Springtime ushers in a season of culinary celebration for those who love fresh vegetables. What better way to revel in the arrival of your favorite farmer’s market produce than with a glass of wine? Pairing with vegetables requires special consideration for their unique characteristics. This post will provide some wine pairings and food ideas to help you brush off the fading chill of winter and embrace the sun and emerging warmth of spring.
Watercress Salad with Toasted Almonds and Avocado – Sancerre
This salad combines the tender greens of watercress with the protein of nuts and fat of avocado for a salad that is able to satisfy as either an appetizer or standalone dish. I like to use a simple red wine vinaigrette as dressing. Toss the greens and almonds with the vinaigrette and serve the avocado in larger chunks on the side for contrast. You’ll further improve the salad with Sauvignon Blanc from the Sancerre area in the Loire Valley of France. These white wines have a light body and crisp acidity but are packed with citrus and mineral flavor that will work alongside the dressing to bring lift and aromatic complexity to the dish.
Roasted Carrots with Fresh Herbs – Chardonnay from the Santa Lucia Highlands
These days, it’s easier than ever to find heirloom carrots in a wide variety of shapes and colors. Arranging an assortment of carrots on a baking sheet with olive oil, salt, and black pepper before baking will provide you with a dish that’s as visually striking as it is aromatic and enticing. I like to finish the dish with roughly chopped fresh herbs like the famous combination of parsley, sage, rosemary, and thyme. Remember, you don’t need to have all of them on hand. Any combination will bring aromatic diversity and color to the already attractive dish. Serve with Chardonnay from the Santa Lucia Highlands in California where cool, Pacific breezes from Monterey Bay provide an almost-European microclimate for production of light, bright wines. Look for a Chardonnay that has minimal or no oak influence to overshadow fresh, primary fruit flavors in the wine. At best, these wines will have a crisp lemon character with notes of green apple, pear, along with a long list of possible aromas including papaya, banana, almond, ginger, and chamomile.

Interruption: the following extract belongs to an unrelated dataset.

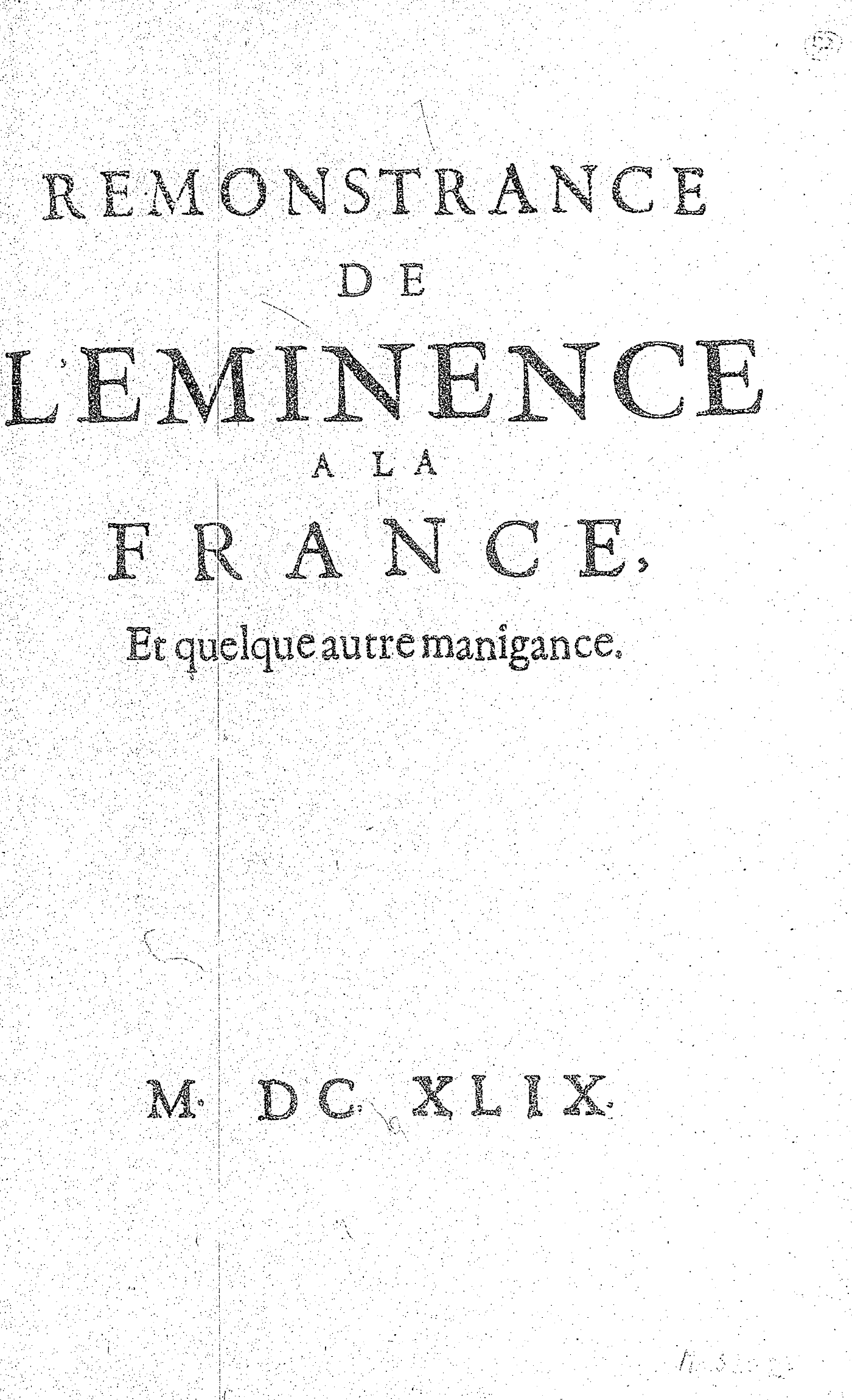 REMONSTRANCE DE L’EMINENCE A LA FRANCE, Et quelque autre manigance.

Fresh Chickpeas and Asparagus with Tahini Dressing – Fronsac
Though most of us think of chickpeas in their dried form as a year-round food, their harvest occurs in the spring when they’re soft and green resembling peas or fava beans. Serving fresh chickpeas with asparagus and tahini dressing makes for a dish that’s green and vibrant while being filling and protein dense enough to have as an entree. Pair with a Right Bank Bordeaux blend from the underrated area of Fronsac where the Merlot and Cabernet Franc grapes thrive. These elegant grapes are the least tannic in the region though they can be blended with one or more of Cabernet Sauvignon, Malbec, or Petit Verdot. Bordeaux reds tend to be very dry with chewy tannins, crisp red and black fruit and non-fruit notes of graphite, forest floor, and tobacco. Cabernet Franc, in particular, has a flavor often described as “green” and compared with bell peppers that will harmonize beautifully with the dish.
Linguini with Morel Mushrooms, Peas, and Ramps – Barbera
Morels, for me, are the most tempting mushrooms. I wait for them anxiously each year and can’t get enough of them in their short spring season. They have a wholesome, satisfying richness that makes them worth the price for a few pounds each year. Sautée them down slowly with olive oil until they have lost half or more of their moisture to concentrate their flavor, then add ramps and peas before tossing in the linguini. The color of the peas with the pungent onion-like flavor of the ramps will provide a backdrop for the morels to shine and showcase the seasonality of the dish. Pair with a glass of northern Italian Barbera, a grape with a similar taste profile to New World Cabernet Sauvignon in blind tastings. Barbera has a medium-to-full body with bright acidity and moderate tannins beside succulent flavors of blackberry and plum. The wine will frame the taste of the dish without overwhelming it – enhancing this Italian inspired celebration of the season.
Rhubarb Raspberry Crumble – Ruby Port
The rhubarb plant may be most appreciated in colder climates where gardeners have fewer options about what to grow in the spring, but no matter where you live, you should give it a try. Rather than making an entire pie, simply start with a pie filling consisting of rhubarb, raspberries, coconut oil, and sugar or honey in a baking dish, and cover with sugar, oatmeal, and cinnamon. You’ll be amazed at how easy it is to make and how much everyone will love it, especially when paired with a glass of ruby Port. Port is a sweet, high-alcohol red wine from Portugal. The ruby variety is not aged in oak and therefore has a predominantly fruity flavor of candied berries and cherries. The pairing of your crumble and wine will provide a decadent, jubilant finale to your springtime meal.